By Dr. Brett Borghetti (with assistance from NIPRGPT)
Article contributions by Dr. Matthew Robbins, Maj. Nick Yielding, Ph.D., Lt. Col. Phillip LaCasse, Ph.D., Dr. Jonah Reeger, Dr. Christine Schubert Kabban and Dr. Scott Nykl
Air Force Institute of Technology 

AFIT Department of Electrical and Computer Engineering students attend a course on how to safely refuel autonomous vehicles in contested environments where typical approaches such as GPS-based high-precision navigation are not guaranteed and delays in the control link impact the ability for a human to precisely guide the autonomous vehicle during refueling operations. This ongoing research applies artificial intelligence and machine learning techniques as a foundational technology in the search for a solution. (U.S. Air Force photo by Jaima Fogg)

The demand for artificial intelligence expertise is growing rapidly, with applications in fields such as national security, healthcare, finance, and more. As the Department of Defense (DoD) increasingly relies on AI technologies to inform decision-making and drive innovation, the need for professionals with advanced training in AI has never been more pressing.

The Air Force Institute of Technology is uniquely positioned to address this need. AFIT is at the forefront of preparing the next generation of leaders and innovators in the field of artificial intelligence by developing a comprehensive AI curriculum and research program that equips students with the knowledge and skills necessary to succeed in this rapidly evolving field, ensuring that its students and the broader community stay abreast of the latest advancements needed to address tomorrow’s national security challenges. 

AFIT’s Graduate School of Engineering and Management (GSEM) and the School of Systems and Logistics (AFIT/LS) offer a wide range of courses, certificates, and degree programs that cater to both degree and non-degree seeking students.
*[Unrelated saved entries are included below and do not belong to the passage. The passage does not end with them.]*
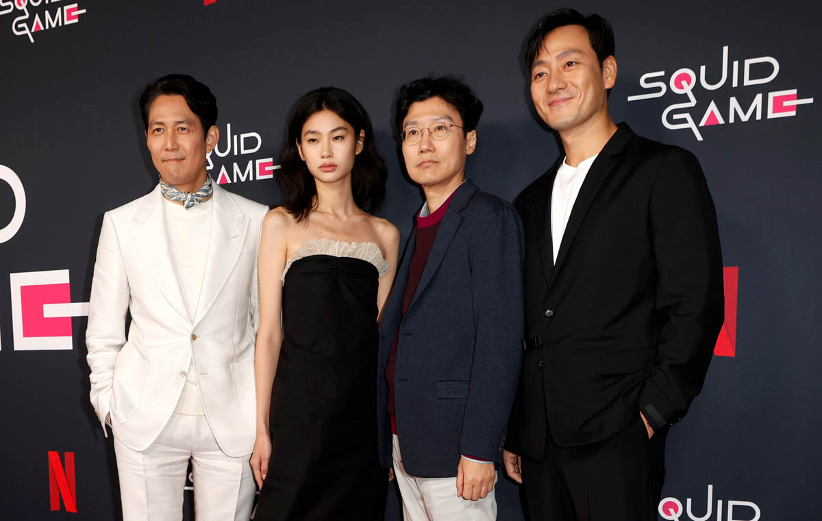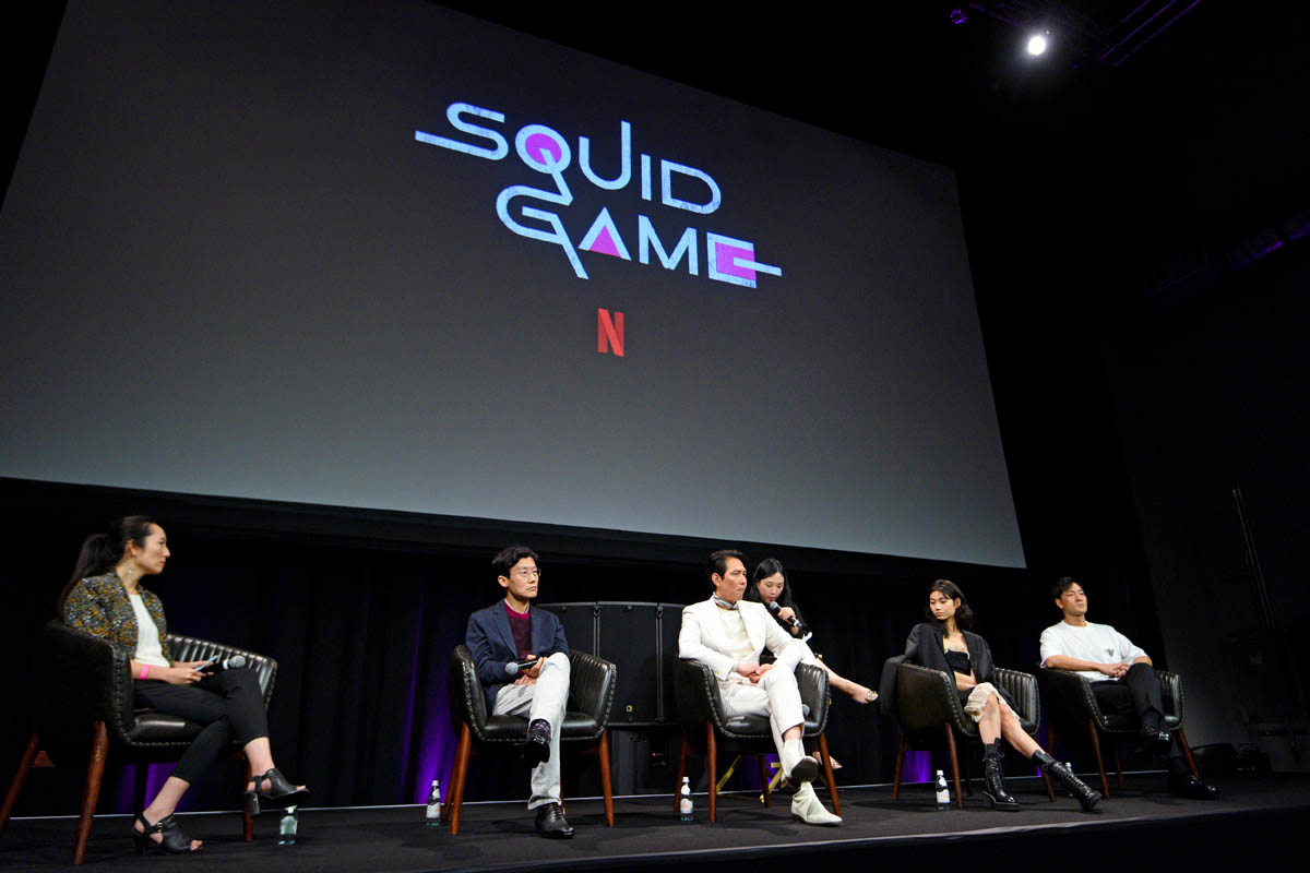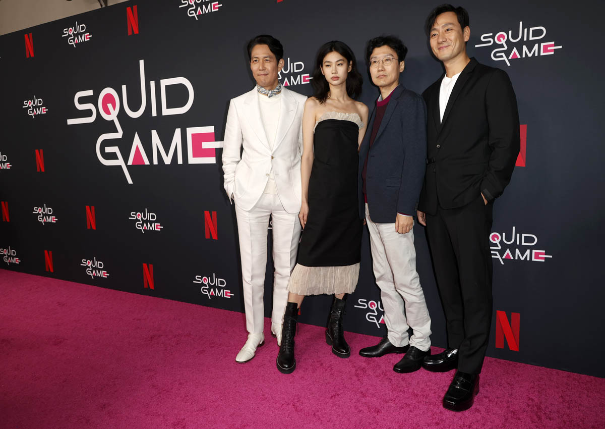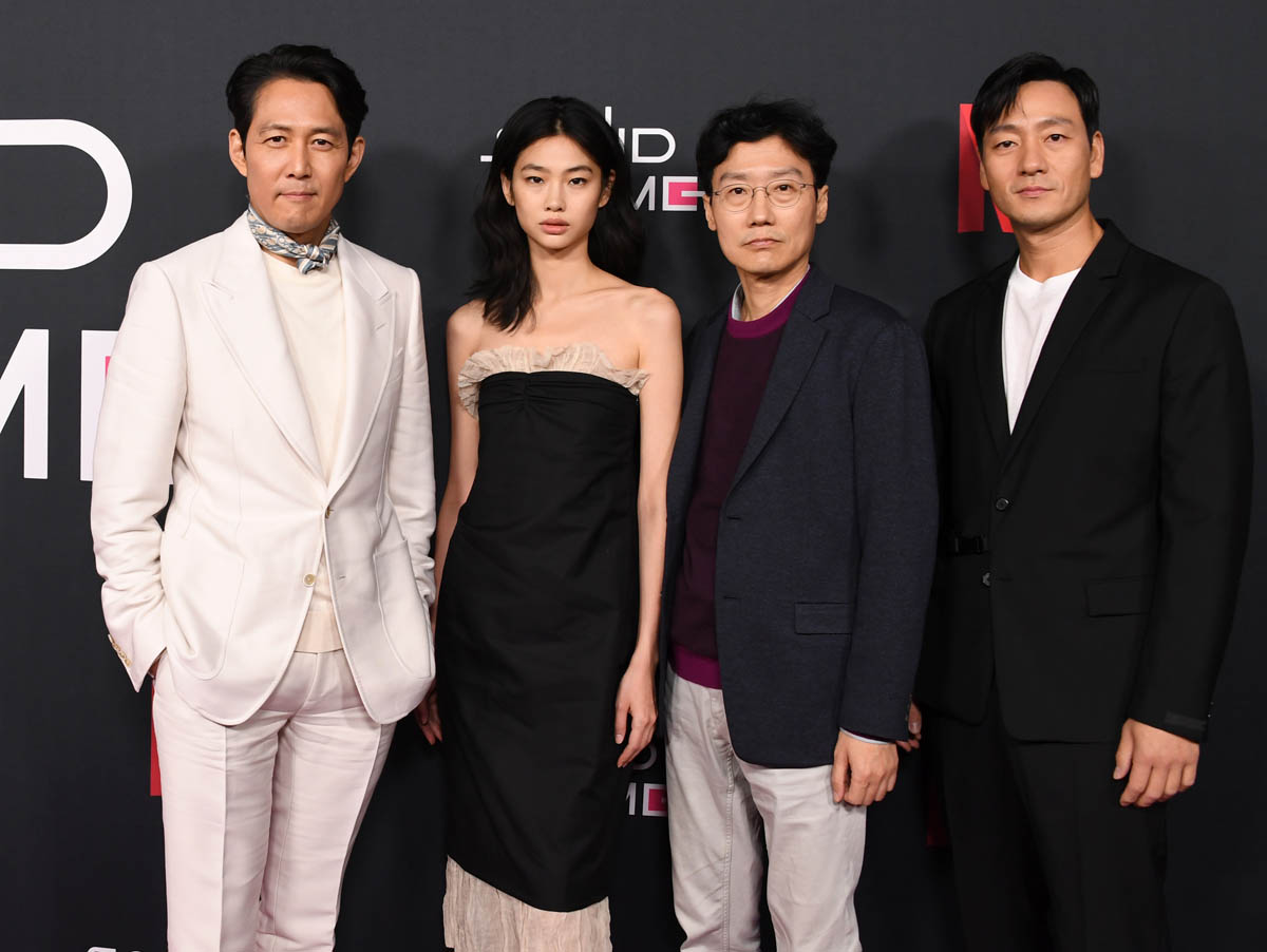 Squid Game’s creator Hwang Dong-hyuk and his cast attended the LACMA gala a few days ago. Last night he and the show’s three leads, Lee Jung-jae, Park Hae-soo, and Jung Ho-yeon were at a special screening event and Q&A in LA, 100% a campaign stop to amplify the series’ chances at PGA, Critics’ Choice, and SAG nominations.
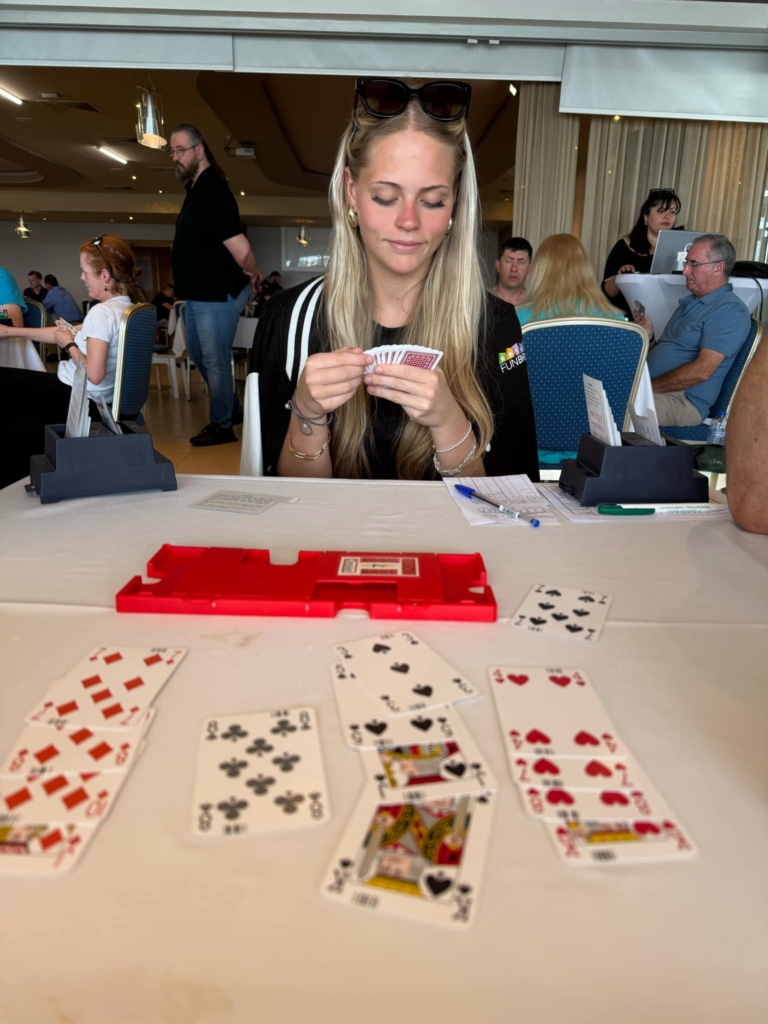 Ella et moi avons eu une journée difficile, mais grâce à un dernier tour extraordinaire, nous avons terminé juste au-dessus de 55%, après avoir obtenu une moyenne de 58%. Andrea et Nachiketa se sont également améliorés et ont fait 54% sur leur séance, ce qui porte leur moyenne à 50%. Nous avons tous beaucoup apprécié cette journée en raison des activités amusantes que nous avons pratiquées avant de jouer et des adversaires très sympathiques à la table de bridge. Nous attendons avec impatience la journée de demain et espérons faire encore mieux. 💪
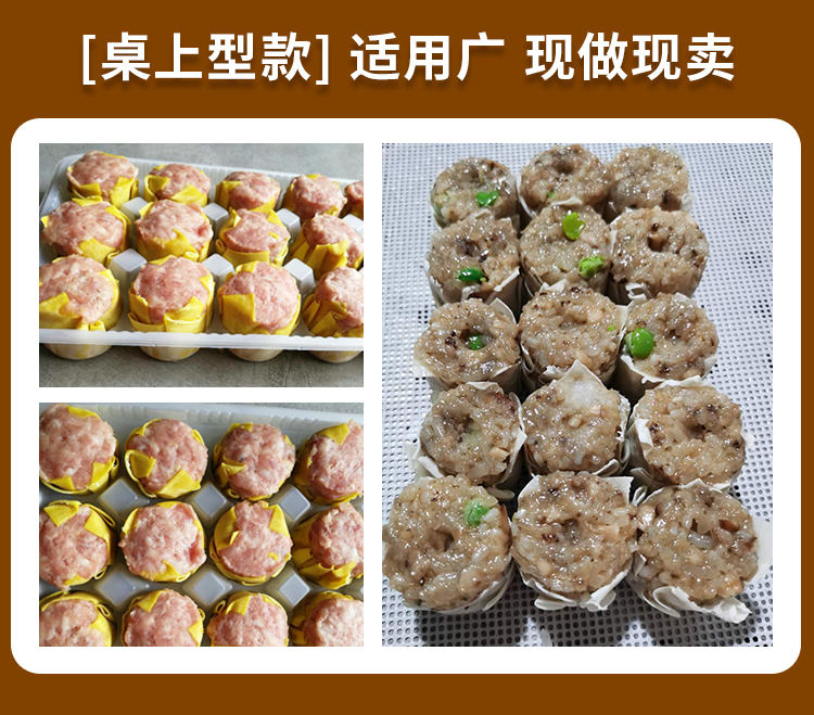 JGB-600燒麥機,自動填餡包皮功能:臺式半自動單聯(lián)式燒麥成型機,可以使用手工燒麥皮配合機器生產(chǎn)燒賣,其面皮口感好,產(chǎn)品外形美觀。餡料多與少可調(diào)節(jié)高效率1800個小時

GRADUATE-LEVEL COURSES & CERTIFICATES

AFIT’s Graduate School of Engineering and Management (GSEM) offers graduate level courses, certificates, and degree programs that cover a broad range of topics in AI, including data analytics, statistical machine learning (ML), deep learning and reinforcement learning, natural language processing, computer vision, unmanned and autonomous systems and human-agent teams. These multi-disciplinary offerings are designed to provide students with a deep understanding of the theoretical foundations and practical applications of AI and ML.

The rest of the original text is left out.